• Directions for this task
Within the material below, locate the line with "7731 nh RW60" and the line with "Popular Pearl Light", then return those two lines and all lines between them, exactly as written.

• Supplied entries
>>>

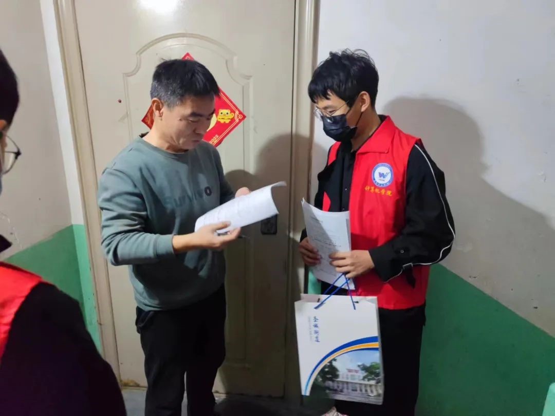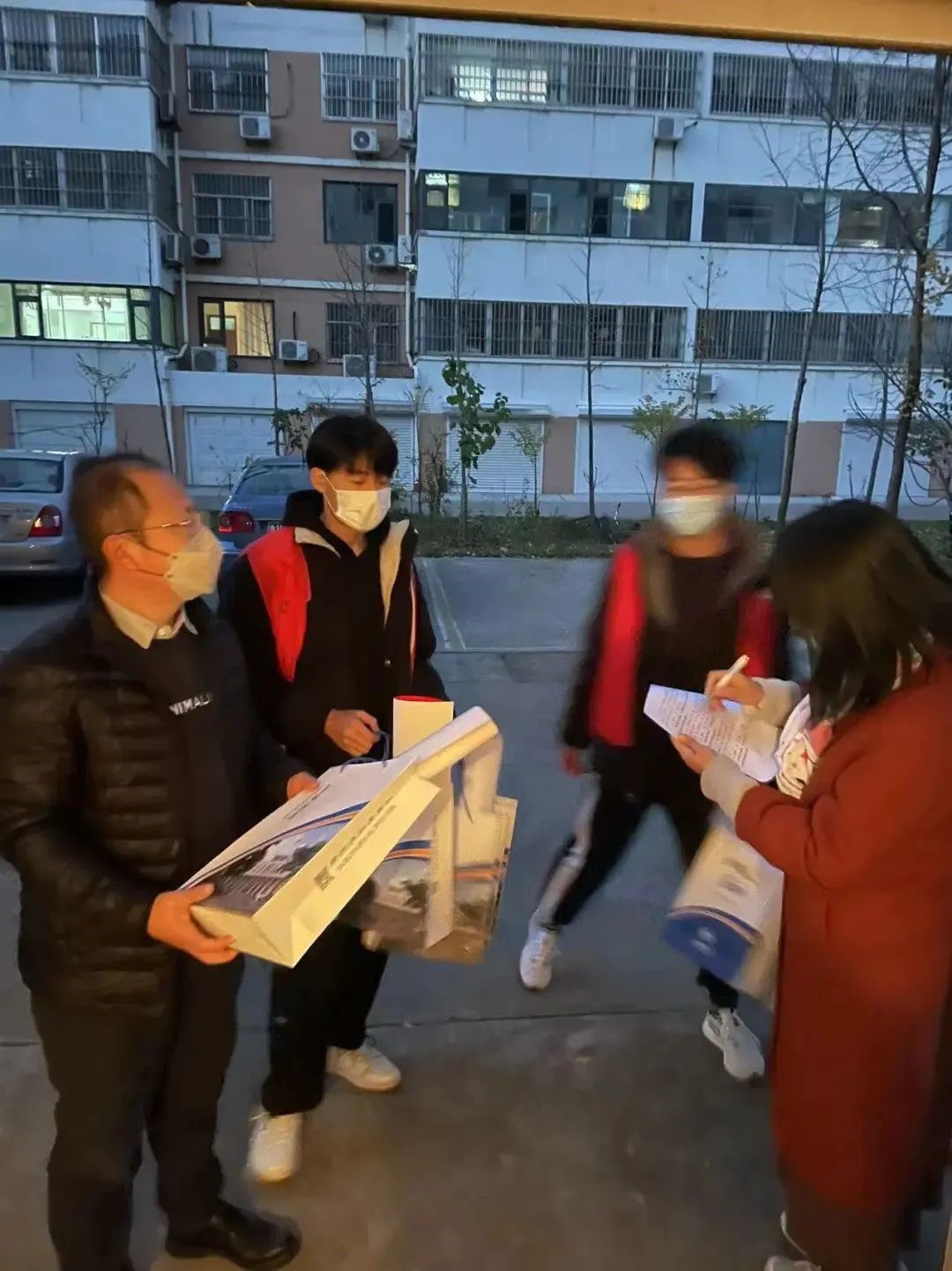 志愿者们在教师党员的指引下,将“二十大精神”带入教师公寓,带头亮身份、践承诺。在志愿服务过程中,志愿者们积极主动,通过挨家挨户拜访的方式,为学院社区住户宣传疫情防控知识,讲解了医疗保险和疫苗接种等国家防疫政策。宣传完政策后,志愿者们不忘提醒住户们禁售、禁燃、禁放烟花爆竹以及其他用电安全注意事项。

<<<
>>>

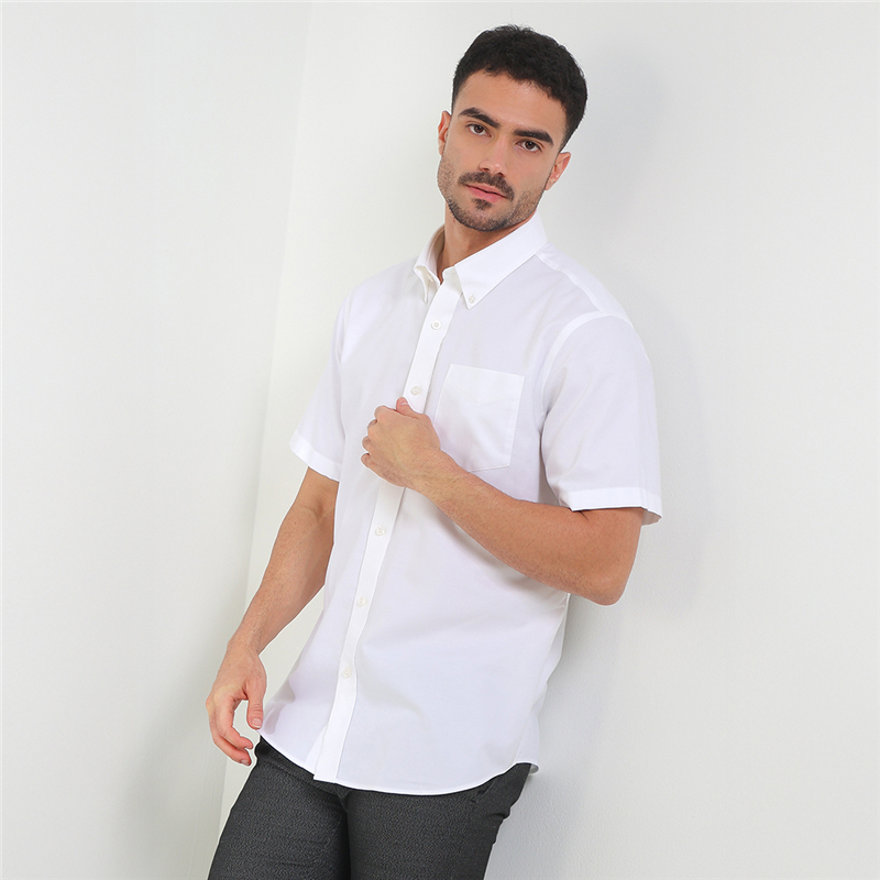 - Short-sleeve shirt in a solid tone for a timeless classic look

<<<
>>>

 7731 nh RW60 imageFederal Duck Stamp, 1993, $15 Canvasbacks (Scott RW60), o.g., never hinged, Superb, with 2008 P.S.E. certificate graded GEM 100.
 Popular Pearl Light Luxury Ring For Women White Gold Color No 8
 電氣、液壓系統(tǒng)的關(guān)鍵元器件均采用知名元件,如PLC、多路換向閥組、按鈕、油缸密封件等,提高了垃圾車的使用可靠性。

<<<

• Response for this exercise
 7731 nh RW60 imageFederal Duck Stamp, 1993, $15 Canvasbacks (Scott RW60), o.g., never hinged, Superb, with 2008 P.S.E. certificate graded GEM 100.
 Popular Pearl Light Luxury Ring For Women White Gold Color No 8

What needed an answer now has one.